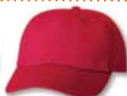
VC6640 Red Rouge
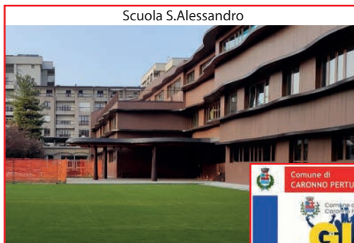
Scuola S. Alessandro

A proposito di programma amministrativo, facciamo appello ai cittadini che volessero dare il loro contributo di inviare i propri suggerimenti all'indirizzo e-mail pd.caronnopertusella@gmail.com .
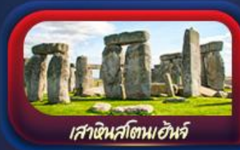
เสาหินสโตนเฮนจ์
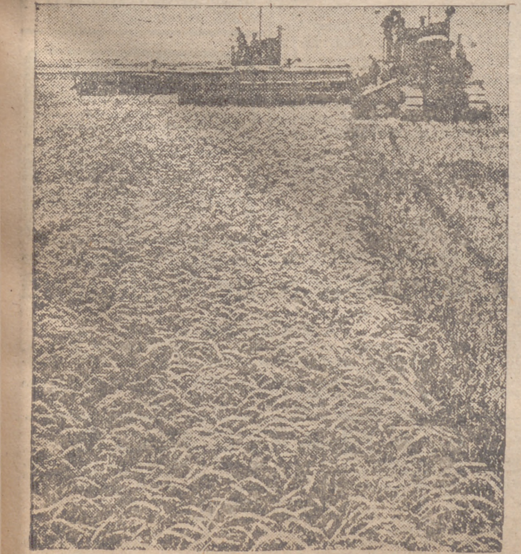
Trigales en Ucrania. La consigna stalinista es de quemarlos, pero los alemanes, posiblemente, lleguen antes que los incendiarios
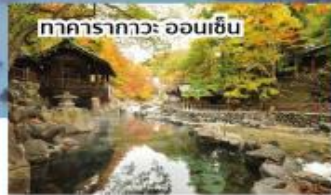
ทาคารากาวะ ออนเซ็น
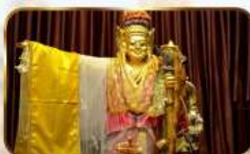
เทพทันใจโจ้เข้า
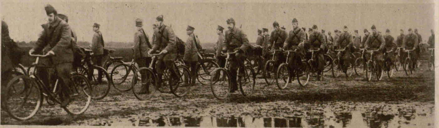
Übung holländischer Militär radfahrer
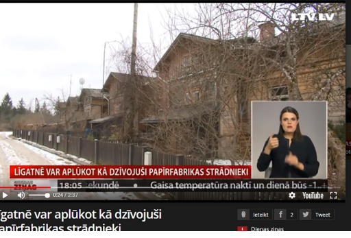
Līgatnē var aplūkot kā dzīvojuši papīrfabrikas strādnieki. LTV1 raidījums par ekspozīciju "Līgatnes strādnieka dzīvoklis".

1886. gada 10. decembrī laikraksts Balss rakstīja:
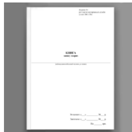
Книга запису хворих, додаток 14
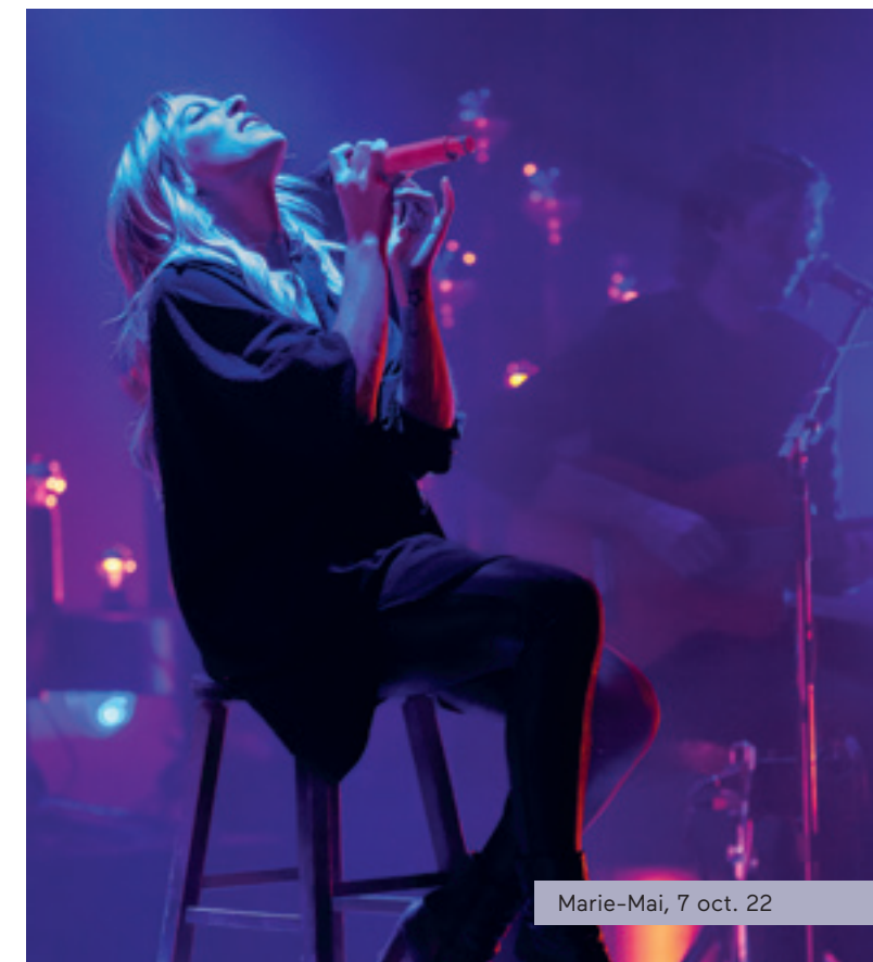
Marie-Mai, 7 oct. 22
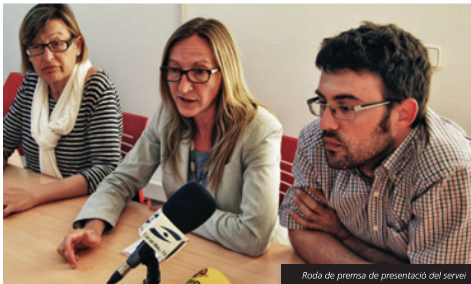
Roda de premsa de presentació del servei

(08:45, 11:00, 13:00, 15:00, 17:00, 19:00 i 21:00)
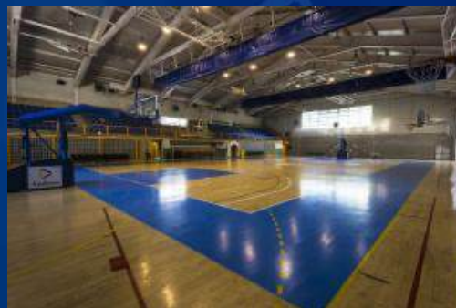
PAVELLÓ JOAN ALAY

En tot moment, les gimnastes estaran acompanyades i informades pels responsables de l'esdeveniment per garantir el compliment dels horaris i la seguretat.

· · ·

**PROBLEM DETAILS**
Each line, from the beginning of the listing to the line bearing "Marie-Mai, 7 oct. 22" inclusive, should be copied exactly; the pictures stay out.

**RESPONSE BELOW**
VC6640 Red Rouge
Scuola S. Alessandro

A proposito di programma amministrativo, facciamo appello ai cittadini che volessero dare il loro contributo di inviare i propri suggerimenti all'indirizzo e-mail pd.caronnopertusella@gmail.com .
เสาหินสโตนเฮนจ์
Trigales en Ucrania. La consigna stalinista es de quemarlos, pero los alemanes, posiblemente, lleguen antes que los incendiarios
ทาคารากาวะ ออนเซ็น
เทพทันใจโจ้เข้า
Übung holländischer Militär radfahrer
Līgatnē var aplūkot kā dzīvojuši papīrfabrikas strādnieki. LTV1 raidījums par ekspozīciju "Līgatnes strādnieka dzīvoklis".

1886. gada 10. decembrī laikraksts Balss rakstīja:
Книга запису хворих, додаток 14
Marie-Mai, 7 oct. 22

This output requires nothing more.